Senior Lead Architect/Senior Manager - CDN/Network Automation
Technical lead and manager responsible for Architecting, Designing and allocating work for a team of 3-6 responsible for Site Reliability, Configuration Management, Deployment, and Automated Failure Recovery for Lumen CDN managing 20K servers, VM's and containerized work flows. CDN produced $100M+ in yearly recurring revenue while delivering greater than 100 Tbps.
CMAPI - Architected and Designed an authenticated RESTful API (FastAPI) to aggregate and cache CM data from 10+ systems. Currently used by monitoring, config management and repair automation as source of truth for network disposition. This system is constantly evolving as we add new data sources and have new requests for custom aggregations for both internal and external uses. It is the foundation and source of record for all projects listed below.
Trial ROD - Implemented a GitOps model using Rest API's through GitLab CI/CD to identify clusters/servers for upgrade and apply new trial configurations through CMAPI interfaces and utilize Release On Demand to deploy new applications/configurations to the network (bare metal and VMS). The resulting project gave ownership of candidate releases to the engineers responsible for validating performance and expedited candidate deployments from monthly to 1-5 per week.
Release On Demand - Architected and Implemented staged deployment for 20K operational CDN servers based on the disposition of the network. RoD removed the onus for generating a upgrade schedule from operations, while taking in to account traffic levels, metros, server health and network blackout dates. It increased release cadence for primary distribution network from 1-2 GA releases per year, to our targeted goal of once per month.
Section IO Compute Engagement - Operationalized a PoC for a partnership with SectionIO to repurpose CDN hardware that was no longer viable for edge delivery due to network constraints and utilize it for a multi-tenant customer facing compute product. Utilized Canonical MaaS to build and configure machines to hand over to SectionIO for proprietary application install and configuration. We were able to reallocate 800 out-of-date and impaired servers at no cost other than space, power and networking.

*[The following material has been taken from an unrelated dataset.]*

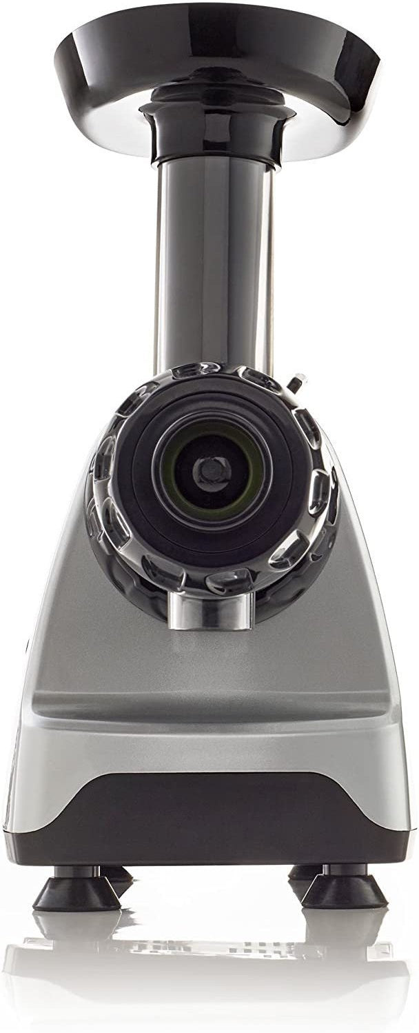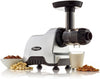 Omega's most compact low-speed, masticating juicer and nutrition system features 80 RPM and a single auger. The low speed minimizes heat build-up and oxidation. Easy cleaning with automatic pulp ejection. Quiet operation. All parts are included to make all-natural nut milks, nut butters, frozen fruit sorbets, pasta, baby food, minced herbs and ground beans.
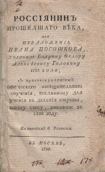 Один из докладов был посвящён книге, вышедшей в петровское время. Это труд И.Т. Посошкова «Россиянин прошедшего века…» (Москва, 1793). Её автор – Иван Тихонович Посошков (1652–1726) – первый русский экономист-теоретик, мыслитель, публицист, предприниматель и изобретатель. Многие его мысли опередили своё время. Известный историк М.П. Погодин писал: «…Многие важные политические меры, которыми прославились царствования Екатерины II и Александра II, были предложены уже Посошковым».

Salt Versioned Formulas - Extended the Salt concept of environments to include supporting multiple versioned CM code based on "Release States" and server role by rebuilding them on the fly prior to running a job. One control file defines which role and release state get which versions of code, allowing us to trial new formulas on a targeted network segment while knowing we would not affect other segments. Presented our results at 2019 Salt Conf.
RA/CM Replacement - Documented existing Architecture and Defined/Implemented next-gen architecture for migration from a wholly home-grown network automation system to Hybrid Salt solution. Incorporating Salt allowed us to more consistently and quickly incorporate changes to our growing network including but not limited to new OS's, containers and virtualization.
CI/CD - Incorporated and mandated the concept of CI/CD within the network automation code base. Provided templates and frameworks for consistent automated testing utilizing VM's and containers with the pytest and Test-Kitchen frameworks. Each new GitLab project is created with a set of configurations for virtual env's (Poetry, RVM), testing virtualization, linting, and deployment models. The developer just needs to add test either from scratch utilizing shared custom pytest libraries with common fixtures. This initiative has minimized the need for regression testing because tests grow naturally as bugs are found fixed and validated.
VM/Container Integration - Architected, Designed, and Implemented frameworks for deploying and configuring VM's (VMware) and Containers (Docker/Kubernetes) in production environment. Containers allow us to abstract away the OS layer and maintain some of our legacy applications while still addressing security concerns. Virtualization has reduced the time to grow and shrink our network from weeks to purchase and allocate hardware to minutes to define our new server in inventory and use automation to stand up and configure.
Edge Portal - Implemented container based deployment of a secure publicly available interface utilizing Traefik with TLS certificates, custom Golang/Node.js applications, KrakenD, Postgres DB's, and ElaticSearch/Kibana monitoring using FileBeat, Metricbeat.